Riportare in auge la riduzione dei parlamentari in vista della prossima campagna elettorale per le elezioni europee, per distrarre gli italiani dai vostri miseri risultati economici, dalle reali portate di provvedimenti quali quota 100 e reddito di cittadinanza, dalla contrarietà agli investimenti infrastrutturali e dalle difficoltà che non riescono più a sostenere, è solo l’occasione migliore per cercare apprezzamento trasversale tra gli elettori.
E’ il solito argomento buono per tutte le stagioni. Lo è stato ieri e lo sarà domani, ma è solo la fetta di prosciutto che mettono sugli occhi dell’Italia. Nulla di più.
Chi pensa che il problema oggi sia quello di fare queste riformicchie sbaglia. Il tema centrale è: quale democrazia vogliamo per il futuro dell’Italia ed in che modo vogliamo che questa democrazia garantisca la governabilità! E questa sarà tanto più veloce ed efficiente quanto più e prima si supererà il bicameralismo perfetto, ma mantenendo saldamente i pilastri della democrazia rappresentativa.
La loro idea di toccare solo il numero dei parlamentari, viene in quel contesto, adesso è un’idea solitaria e non inserita nel complesso quadro delle riforme da fare. E questa corsa in solitaria mi fa ritenere che lo scopo sia un altro: demolire la democrazia rappresentativa e la massima espressione di questa, il Parlamento, il massimo luogo della rappresentanza del popolo italiano.
La crisi della rappresentanza, peraltro, coinvolge ampi settori della società italiana e sarebbe stato utile avviare un dibattito nazionale che comprendesse tutti questi aspetti.
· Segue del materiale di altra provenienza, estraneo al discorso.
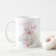 Pink Bow Pumpkin Happy Fall Y'all Coffee Tasse mit weißem Kürbis, rosa Bogen und pastellfarbenen blumigen Blätter.

Come scrivevo prima, tante altre volte sono stati avviati percorsi di riforma, mai di un pezzo e, pertanto, sono convinto che se si vuole andare avanti, sarebbe molto più efficace farla insieme alla trasformazione del sistema costituzionale vigente.
Certo, c’è stato un referendum, ma nulla toglie che l’argomento possa essere ripreso in un quadro più ampio di condivisione e con le modifiche che servono, anche perché è giusto tenere conto di quel voto.
Fuori dal tempo, abbiamo ancora due Camere che hanno gli stessi poteri con due sistemi elettorali diversi e due corpi elettorali diversi. La società è cambiata. Prima i risultati nelle due camere erano molto simili pur non essendo del tutto identici. Da alcuni anni non è più così.
L’offerta politica è diventata fluida e significativamente diversa nelle due Camere. In questo contesto l’uso di regole di voto maggioritarie tende ad amplificare ancora di più piccole differenze di voti facendole diventare grandi differenze di seggi.
E con ciò aumenta il rischio di un Parlamento con maggioranze risicate al Senato.
Anzi, date le condizioni politiche attuali, nessuna riduzione del numero dei parlamentari ci salva dal rischio che nuove elezioni non ci facciano ritrovare al punto in cui siamo stati nella precedente legislatura ed anche in questa. E qui si ripropone il tema della democrazia che decide più velocemente.
E’ inutile suscitare illusorie aspettative di governabilità con proposte come questa. La riduzione del numero dei parlamentari e la semplificazione del processo legislativo hanno un senso solo con una riforma di sistema che comprenda il superamento del bicameralismo perfetto.
Ogni altra strada è una inutile perdita di tempo.